Specializes in ED, ICU, Heme/Onc.
This has happened to me three times now. I have family that live in the same small town I work in. So when they are sick, a lot of them come to the hospital where I work. One time I was in charge of the care of my mother in law, and twice now I have been in charge of the care of my very sick baby cousin who has a multitude of health issues. Now its not that I don't want to take care of them or that I can't do my job, but I don't feel comfortable taking care of my own family.

I thought there were policies that say you shouldn't, but haven't found them yet. I found myself in a sticky situation with the mother in law and swore then I would never take family again. But it has happened again because of circumstance I guess. I don't want to be a bad co worker and "refuse" to take a patient, but this is not right, I am thinking. The dr even questioned me as to why I was caring for my own relation. The other nurse had just done a new admission and already had one pediatric patient, so what would you have done in this situation? Thanks for the input.

I'd have called the house supe - immediately. It's not a matter of being a "bad" coworker. Why couldn't you have taken that other pediatric patient and had your coworker take your cousin's child? If there were ever grounds to "refuse" a patient, this would be the time.

Blee

This happens once in a while in the ER I work at as it is a small town. More often then seeing family is seeing friends and neighbors. Everyone I work with understands if we need to change assignments, swap pts, or maybe just have another nurse do a procedure when somehting like this comes up. I don't know of a specific policy on this, I see it as more situational. Taking care of a neighbor child with a cut finger was no problem, but a friend in with psych issues, I stay as far away as possible.

Would I hook up and administer an IV med to my MIL? I would probably be comfortable with that. Would I give my MIL an enema? NEVER!

Specializes in PCU - Stepdown.
Would I give my MIL an enema? NEVER!

:lol2: :lol2: :lol2:

I would have to agree with you on that one!

My hospital didn't have a policy against it, but I think it's a bad idea. I think they should even be placed on a separate unit if that's possible.

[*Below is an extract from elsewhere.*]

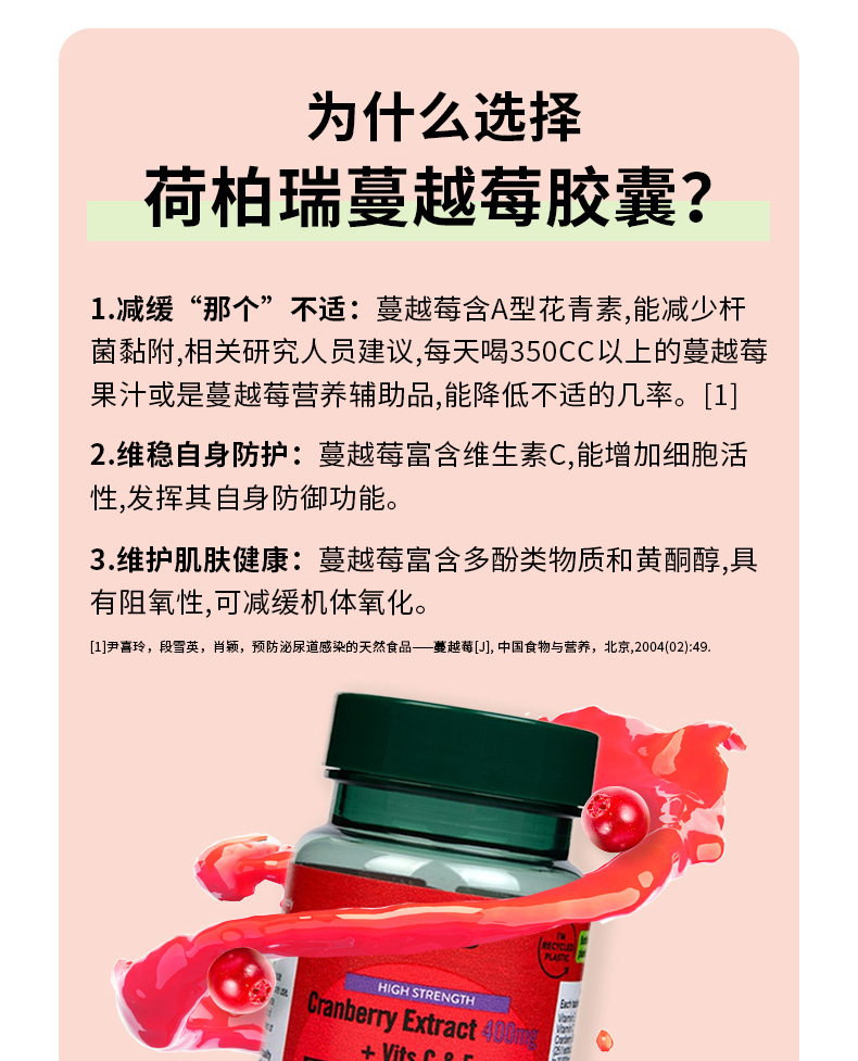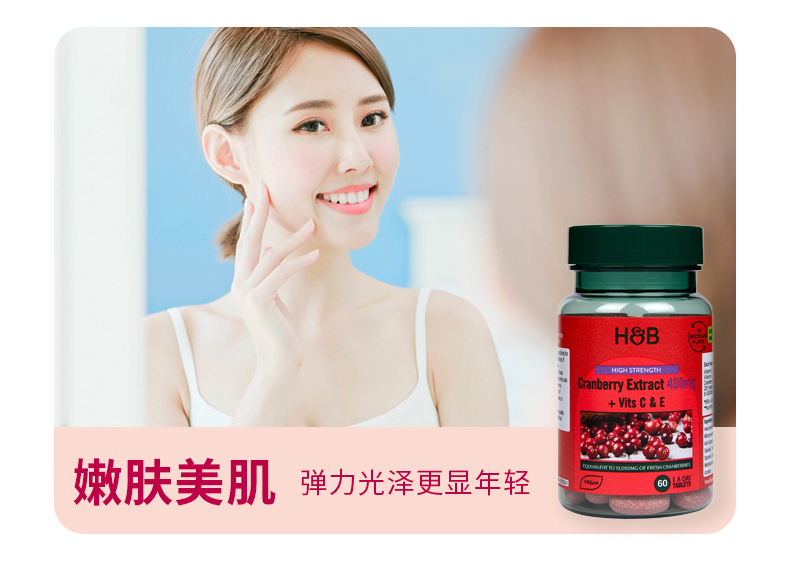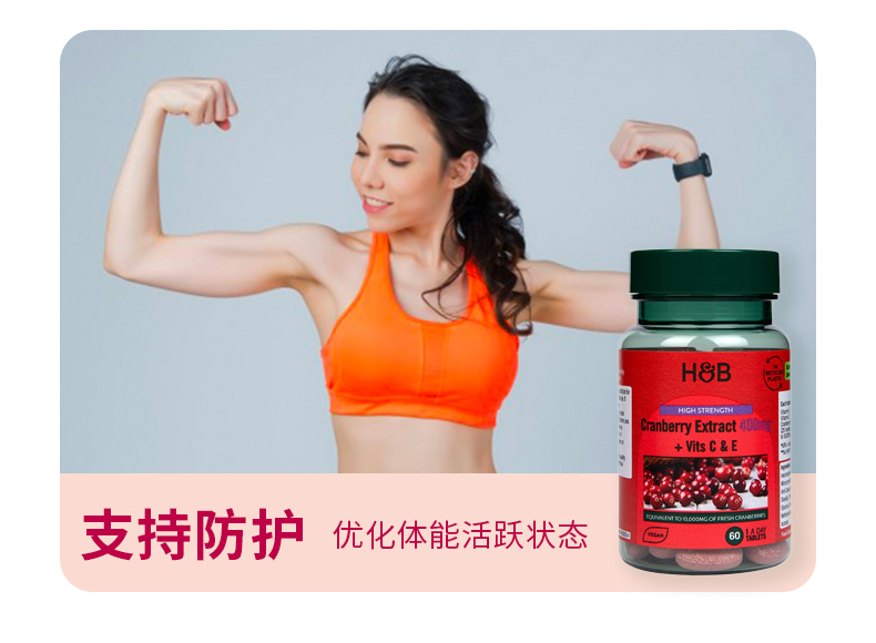HB 荷柏瑞 蔓越莓提取片400mg 60片/瓶(偏远地区不包邮)
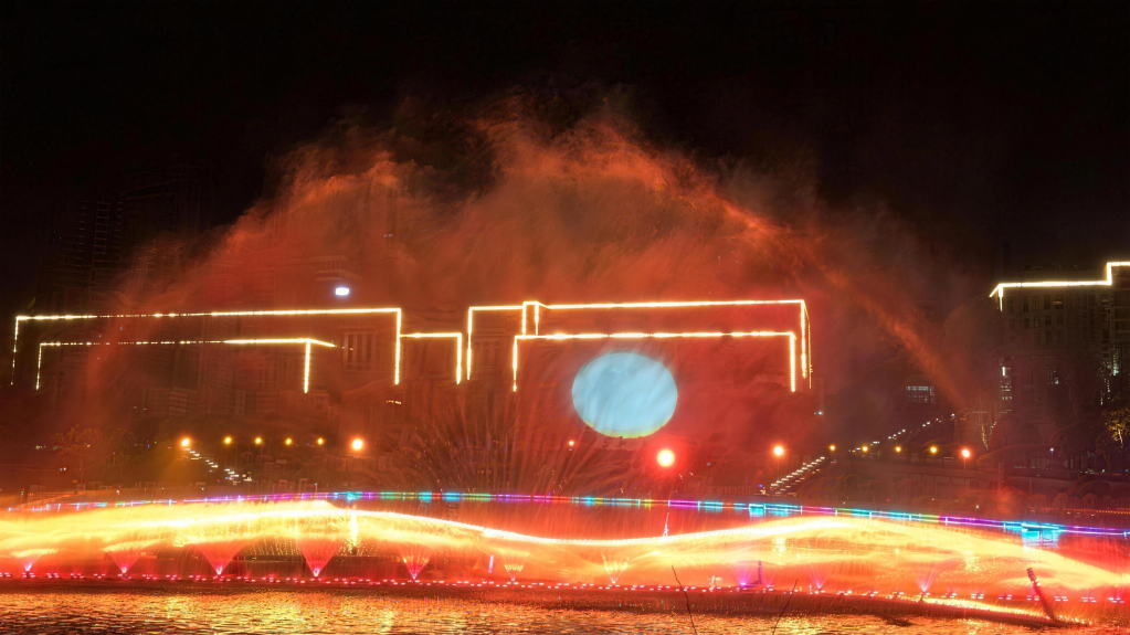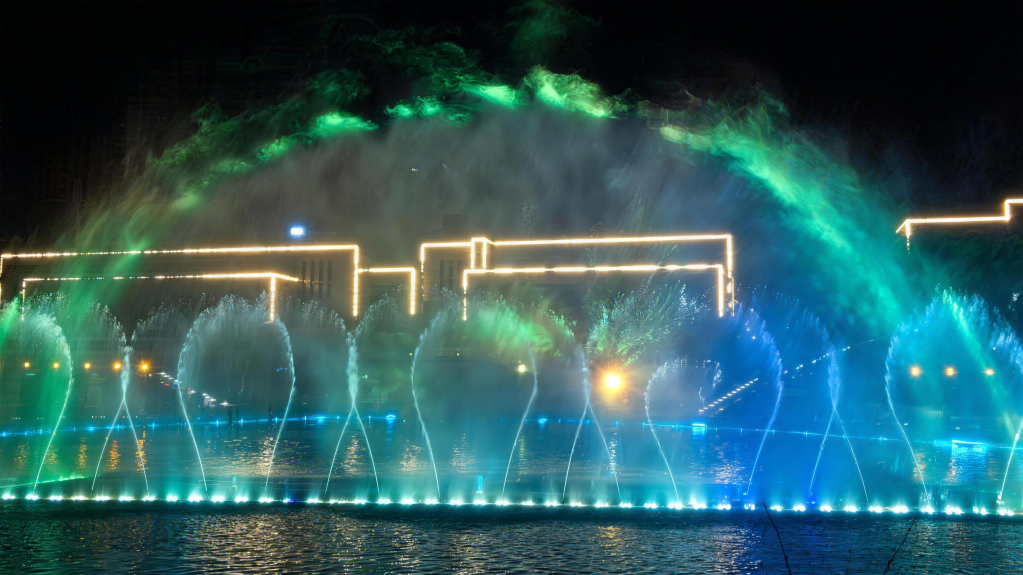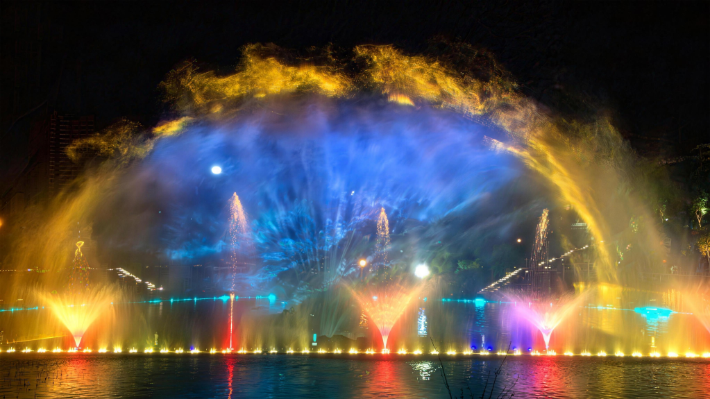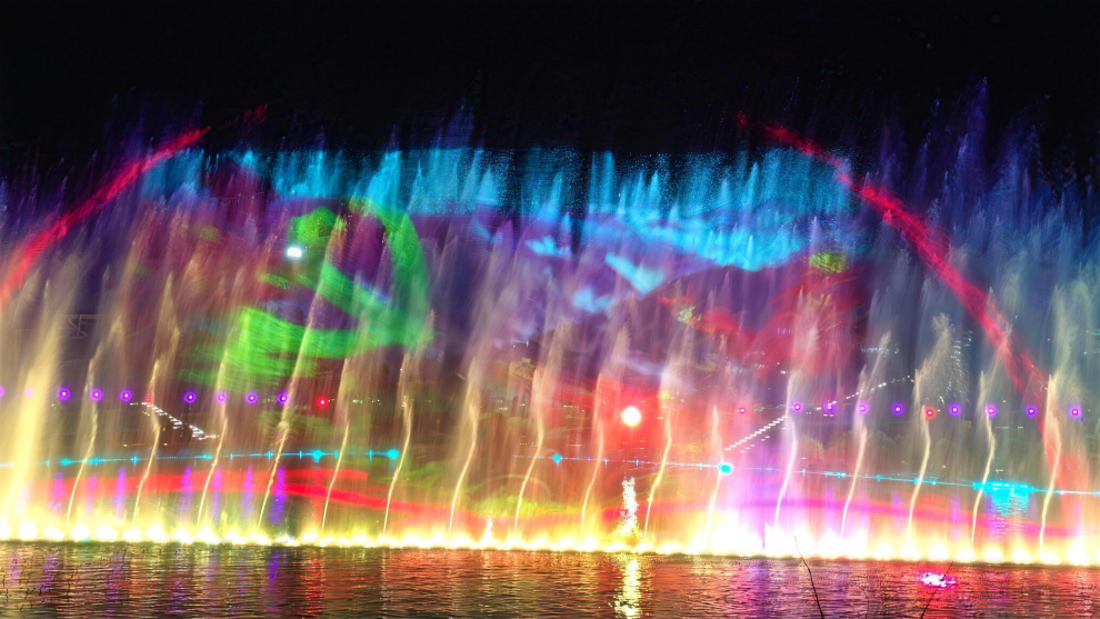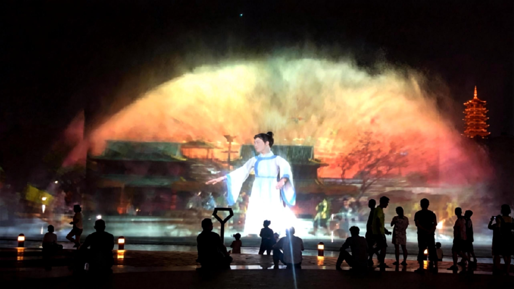 We utilize three projection water screens for imaging, and combined with the background of the local Kuixing Pavilion, we have created the story Kuixing Seizes the Top that integrates traditional culture with myths and legends. This story has been extremely popular among both local residents and foreign tourists.

Something else to consider... given how frequently families and patients complain about being 'ignored' or not receiving 5-star treatment, you could find yourself being accused of giving extra attention to your family member to the detriment of other patients. Not that you would, but it would just be one more thorn in your side from management.

Would I give my MIL an enema? NEVER!
I don't know about that one... my ex-MIL was in dire need of an enema.
I don't know about that one... my ex-MIL was in dire need of an enema.

:lol2:

Specializes in Med-surg; OB/Well baby; pulmonology; RTS.

I have taken care of my own husband before and while I didn't mind, I too thought there was a policy against it but was told there wasn't. He was being discharged anyway, but still.

Other coworkers have had family and we usually do switch with them and take their family members.

I don't think it's a good idea to care for close family members either. But on the other hand, one of the nurses I worked with was ALWAYS having to trade patients 'because she knew them in high school' 'their mother was a friend of her mother' and etc. That got to be a real pain sometimes because it seemed like she 'knew' everyone.